In reply to: Heikki Linnakangas (#2)

Re: Shave a few cycles off our ilog10 implementation

On Wed, Oct 30, 2024 at 09:54:20PM +0200, Heikki Linnakangas wrote:

On 30/10/2024 21:27, David Fetter wrote:

Please find attached a patch to $Subject

I've done some preliminary testing, and it appears to shave somewhere
between 25-50% off the operations themselves, and these cascade into
things like formatting result sets and COPY OUT.

Impressive! What did you use to performance test it, to get those results?

In case that wasn't clear, what I've tested so far was the ilog10
implementations, not the general effects on the things they underlie.

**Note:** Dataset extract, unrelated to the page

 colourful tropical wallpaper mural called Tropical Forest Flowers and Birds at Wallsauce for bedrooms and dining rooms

This testing was basically just sending a bunch of appropriately sized
pseudo-random uints in a previously created array sent through a tight
loop that called the ilog10s and getting average execution times.

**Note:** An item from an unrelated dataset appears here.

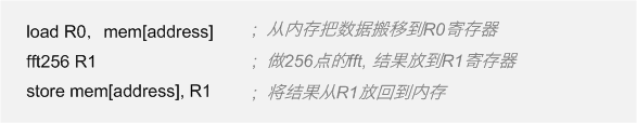 对专用处理器来说,指令集的设计直接反映了对应用需求的理解。比如,第一篇中介绍的例子,如果我们的专用处理器只是为了加速256点的FFT用的,那么指令集里只有FFT指令就够用了。考虑到数据搬移的需求,再加上几条数据搬移的指令,比如读取数据,写回数据。于是可以得到一个有三条指令的指令集(fft,load,store)。这个处理器执行的汇编(Assembly)程序大概就是这样的。

Any suggestions for more thorough testing would be welcome.

Best,
David.
--
David Fetter <david(at)fetter(dot)org> http://fetter.org/
Phone: +1 415 235 3778

David Rowley

dgrowleyml@gmail.com

about 1 year ago

In reply to: David Fetter (#3)

Re: Shave a few cycles off our ilog10 implementation

On Thu, 31 Oct 2024 at 09:02, David Fetter <david@fetter.org> wrote:

This testing was basically just sending a bunch of appropriately sized
pseudo-random uints in a previously created array sent through a tight
loop that called the ilog10s and getting average execution times.

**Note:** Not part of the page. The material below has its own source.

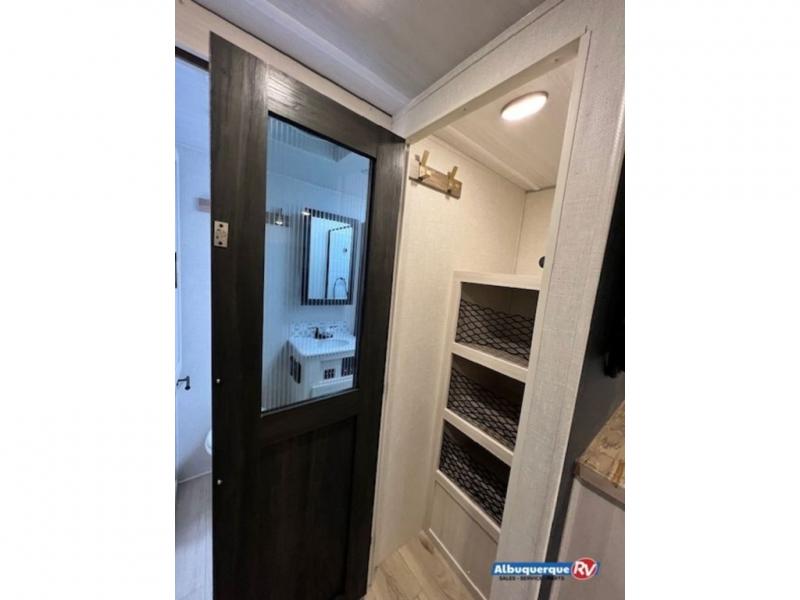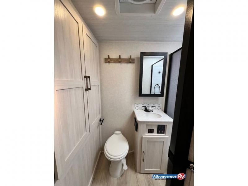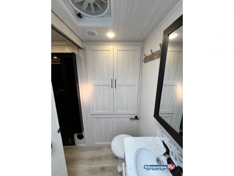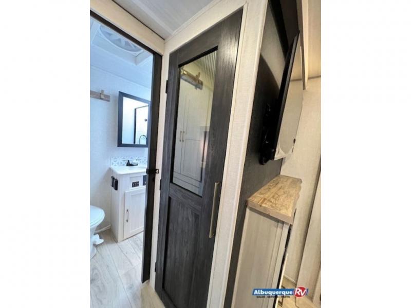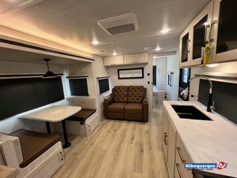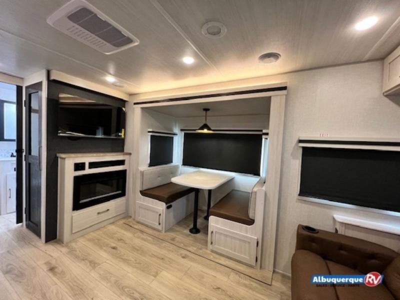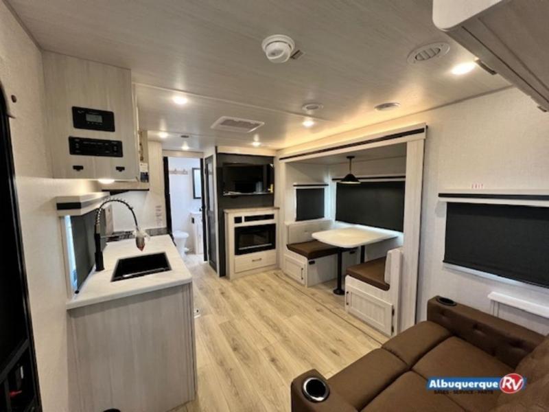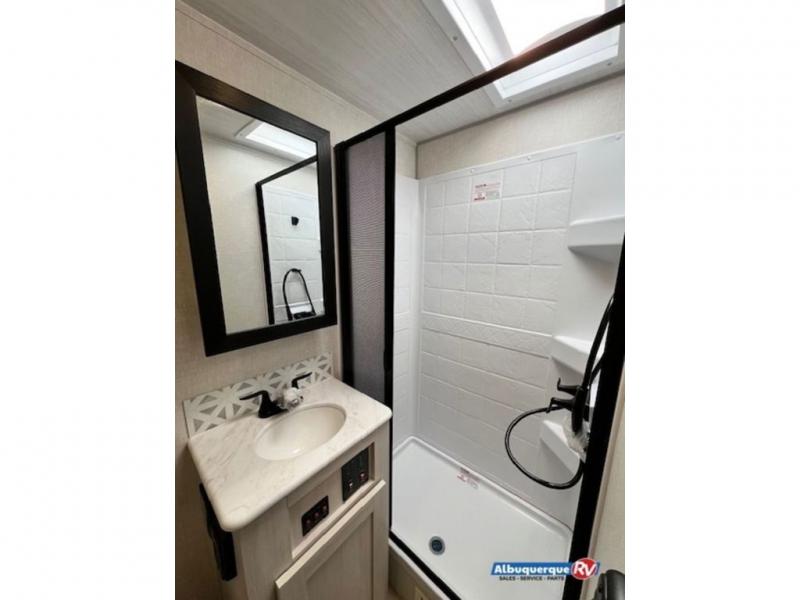 Whether you're camping with friends or family, you'll love the space and comfort found in this travel trailer. The outside kitchen is packed with features, such as a gas griddle, sink, refrigerator, and a shelf, plus there is a 21' electric awning for shade. Head inside to relax on the tri-fold sofa, or play a game at the booth dinette. You will also love the HD TV for your favorite shows at night. This model includes a full rear bath with a linen closet for clean towels and an upgraded slow-close shower door.

Any suggestions for more thorough testing would be welcome.

Maybe something similar to what I did in [1]/messages/by-id/CAApHDvopR=yPgNr4AbbN4HMOztuyVa+iFYRTvu49pxg9YO_tKw@mail.gmail.com.

David

[1]: /messages/by-id/CAApHDvopR=yPgNr4AbbN4HMOztuyVa+iFYRTvu49pxg9YO_tKw@mail.gmail.com

John Naylor

johncnaylorls@gmail.com

about 1 year ago

In reply to: David Rowley (#4)

Re: Shave a few cycles off our ilog10 implementation

On Thu, Oct 31, 2024 at 3:14 AM David Rowley <dgrowleyml@gmail.com> wrote:

On Thu, 31 Oct 2024 at 09:02, David Fetter <david@fetter.org> wrote:

This testing was basically just sending a bunch of appropriately sized
pseudo-random uints in a previously created array sent through a tight
loop that called the ilog10s and getting average execution times.

Any suggestions for more thorough testing would be welcome.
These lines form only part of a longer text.